====== Data supplied ======
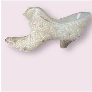 Vtg Fenton Iridescent Ladies Daisy & Gold Button Cat Face Shoe
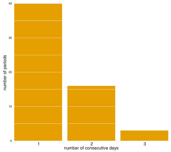 To account for the severity of freezing rain events in the United States and Canada, the duration of the event was considered as proxy [22]. Long-duration events being those in which at least six hours of freezing rain were reported. A similar approach could not be applied to the surface observations dataset used in this article, because our dataset contains hourly reports only for 2007–2018. The number of hours of freezing rain cannot be unambiguously determined from our dataset, given that between 1980–2016 the reports were made every three hours. Instead of using the hours of freezing rain, the number of consecutive freezing rain days was used as a proxy for the event severity. Thus, all freezing rain days between 1980–2018 in Bucharest were divided into 59 non-overlapping periods (Figure 7). Moderate-duration events (i.e., two consecutive freezing rain days) represented 27% (16 periods) of all non-overlapping periods and long-duration events (i.e., three or more consecutive freezing rain days) represented 5% (3 periods). Even if the thresholds (i.e., number of consecutive days) for moderate and long-duration events are subjective, we believe that they allow (1) the identification of high-impact freezing rain events (i.e., 2–3 consecutive days), and (2) the construction of a dataset with high-impact events. Thus, the event studied in this article had the largest number of hours with freezing rain, compared with other events that occurred between 2007–2018.
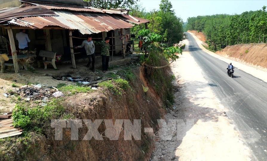 Nhiều nhà dân tại xã Phú Riềng (Đồng Nai) bị “treo” cao 12m so với mặt đường. Ảnh: Đậu Tất Thành – TTXVN
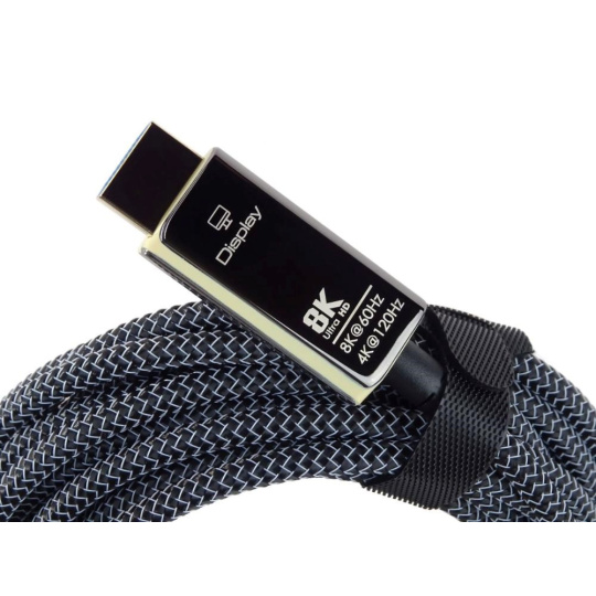 Optický HDMI 2.1 Ultra High Speed 8K@60Hz alebo 4K@120Hz kábel slúži na prepojenie dvoch audio/video zariadení cez moderné HDMI rozhranie, ako je napr. HD-DVD/BluRay prehrávač a LCD/Plazma televízor. Kábel prenáša digitálny zvuk aj obraz a podporuje digitálnu ochranu obsahu HDCP.
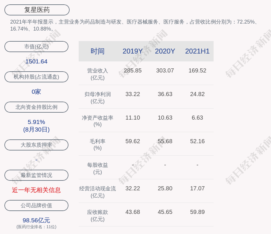 2021年半年报显示,复星医药的主营业务为药品制造与研发、医疗器械服务、医疗服务,占营收比例分别为:72.25%、16.74%、10.88%。
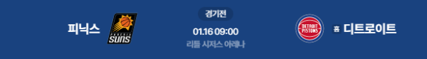 2026년 1월 16일 09:00 (KST) | NBA 정규시즌 피닉스 선즈 vs 디트로이트 피스톤즈 분석
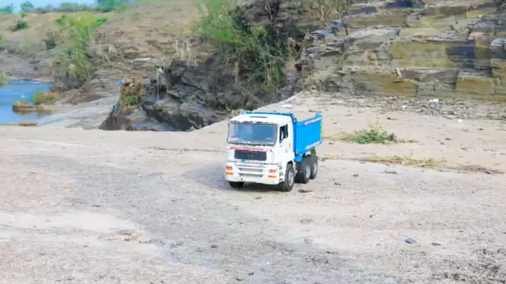 Anak kecil itu menyukai permainan penyelamatan yang menarik dari mobil konstruksi, truk besar dan ekskavator di tepi danau.
======
From the line that holds "Optický HDMI 2.1" to the last line of the data, return those lines exactly and nothing else; both ends count, and pictures stay out.

 Optický HDMI 2.1 Ultra High Speed 8K@60Hz alebo 4K@120Hz kábel slúži na prepojenie dvoch audio/video zariadení cez moderné HDMI rozhranie, ako je napr. HD-DVD/BluRay prehrávač a LCD/Plazma televízor. Kábel prenáša digitálny zvuk aj obraz a podporuje digitálnu ochranu obsahu HDCP.
 2021年半年报显示,复星医药的主营业务为药品制造与研发、医疗器械服务、医疗服务,占营收比例分别为:72.25%、16.74%、10.88%。
 2026년 1월 16일 09:00 (KST) | NBA 정규시즌 피닉스 선즈 vs 디트로이트 피스톤즈 분석
 Anak kecil itu menyukai permainan penyelamatan yang menarik dari mobil konstruksi, truk besar dan ekskavator di tepi danau.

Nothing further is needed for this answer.